Le trio originaire d'Ontario, Timber Timbre, refait parler de lui avec son 5ème essai, Hot Dreams, prolongement d'un songe aux couleurs monochromatiques d'où émerge une musique aux forts accents américains, d'Elvis Presley à Jay Hawkins en passant par Chuck Berry. Récit de cette odyssée dans la nuit noire américaine.
Le disque s'ouvre ainsi tel un conte, voix calfeutrée et romanesque, on avance timidement dans un univers anxiogène en suivant le fil vocal de Taylor Kirk, leader de la formation et seule lueur dans les ténèbres apparents. Le style du chant, éminemment narratif, fait ainsi référence à un songwriting commun d'une folk que le cousin canadien, Leonard Cohen, n'aurait pas renié. Certaines vocalises peuvent aussi évoquer par leur timbre, un autre natif du pays de la feuille d'érable, à savoir Win Butler des Arcade Fire.
Chaque titres semblent démarrer là où la marche du dernier s'était arrêtée, suivant un script au scénario sans failles. Ce faisant le disque est recouvert d'une ombre cinématographique fortement emprunte des films noirs, dont la matière affine les contours d'une œuvre chargée en influences et en références. Et pourtant Timber Timbre tire de cette corde nostalgique un son d'une classe folle, notamment en raison de cette association instrumentale entre la lap steel guitare de Simon Trottier et le violon de Mika Polsen, capable de moments de grâce tout simplement désarmants, à l'instar de l'introduction sur "This Low Commotion".
Dépeignant des lieux à la froideur palpable, Timber Timbre offre un panorama musical au verni noir dont les éclats ne peuvent s'apercevoir que sur un certain versant. Une écoute diffuse et prolongée sera donc nécessaire pour apprécier non pas les arrangements, suffisamment dépouillés pour éclater clairement à l'oreille, mais au contraire pour s'imprégner de leur diffusion dans des espaces qui expriment un vide parfois assommant de vertige comme sur l'entêtant "Curtains!?".

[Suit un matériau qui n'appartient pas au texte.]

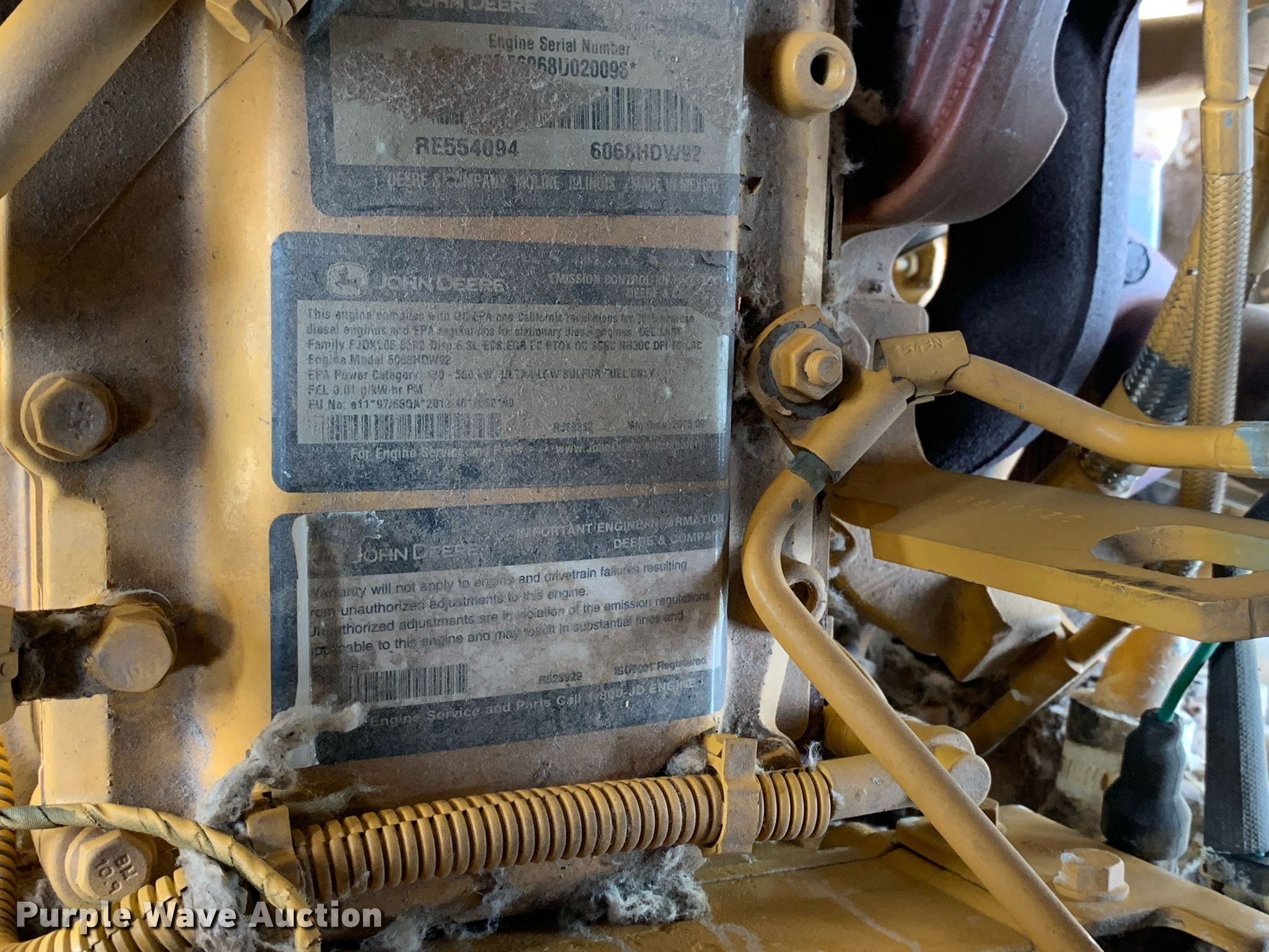 2016 John Deere 544K wheel loader. Hours: 4,872 on meter, Miles or hours may vary, unit still in use, Serial: 1DW544KZCFF673148. Engine John Deere, Cylinders: 6, Fuel type: Diesel. Transmission Powershift, 4F - 3R. Chassis Differential lock: Front, Rear. Operators station EROPS, AC, Heat, Bucket controls: Joystick. Features Auxiliary hydraulics: Front, Quick coupler: Hydraulic, Bucket John Deere AT340353-544, Capacity: 3 cu.yd., Width: 104", Cutting edge: Bolt-on. Tires Size: 20.5R25. Item will be utilized during the removal process. Item will be available for load-out beginning July 13. PPF - Open Inspection June 19 and 26. 700 FM 1335. Cooper, TX 75432
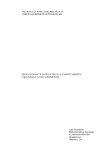 Tässä työssä käsiteltiin vaikuttamisviestinnän muodoista propagandaa ja suostuttelua, joista pääasiassa keskitytään propagandan tutkimiseen. Työssä käsiteltiin propagandaa epäeettisempänä ja suostuttelua eettisempänä vaikuttamisviestintänä. Propagandan ilmenemistä käytiin läpi sen modernista historiasta nykypäivään asti monissa eri muodoissa, jotta sitä voidaan tunnistaa käytännössä nykyään. Varsinaisessa tutkimusosuudessa tutkittiin propagandan ilmenemistä Suomen vaalirahakohussa vuosien 2008–2010 aikana.
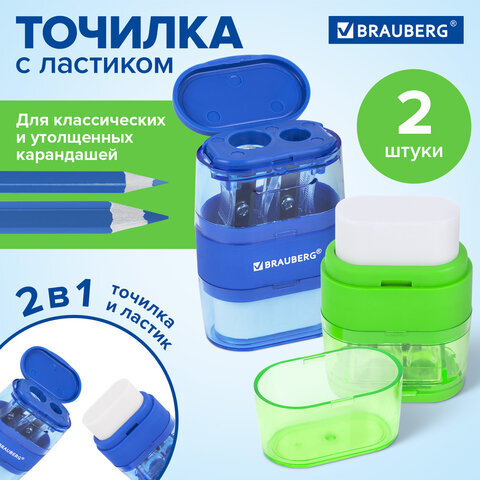 Точилки с ластиком 2 в 1 BRAUBERG "Double", НАБОР 2 ШТУКИ, 2 отверстия, синяя и зеленая, блистер, 271995
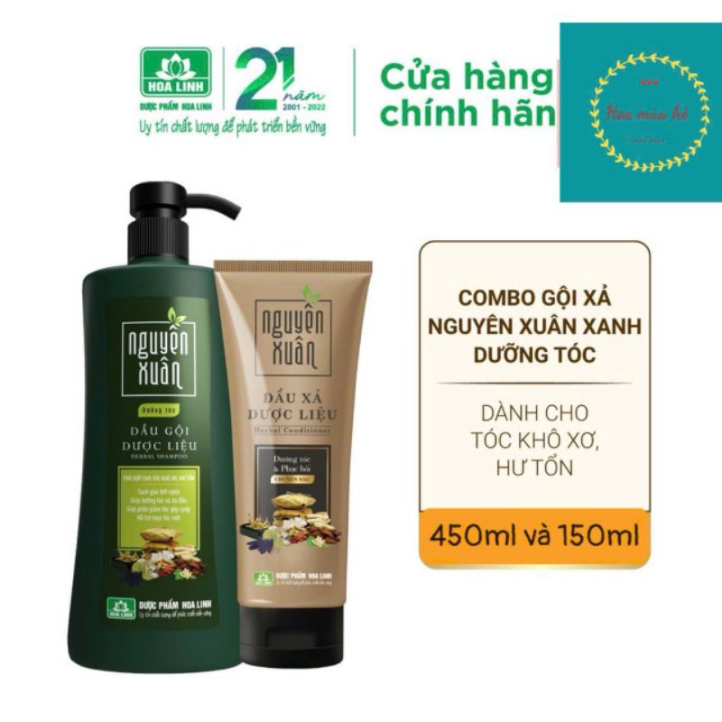 Bộ sản phẩm dầu gội 450ml và dầu xả 150ml Nguyên Xuân Xanh dưỡng tóc dành cho tóc khô xơ, hư tổn

Dans la même température que son fabuleux prédécesseur Creep On Creepin' On, Hot Dreams confirme le ressort cinématographique des canadiens, utilisé pour faire voguer une musique aux origines folk vers d'autres terrains ou s'entremêlent blues, jazz, country, rock 50's et une humeur flirtant avec le velours noir de Portishead sur "Ressurrection Drive Part II". La trilogie initiée par l'album éponyme Timber Timber en 2009 se referme donc avec brio et assoit définitivement la formation canadienne dans la cour des grands.
En Bref : Hot Dreams constitue une œuvre intemporelle et minimaliste, d'une beauté épurée comme peu en sont capables. Un songe aux expressions claires / obscures qui parcourt les âges et sublime les carcans de la folk américaine d'où il s'est échappé.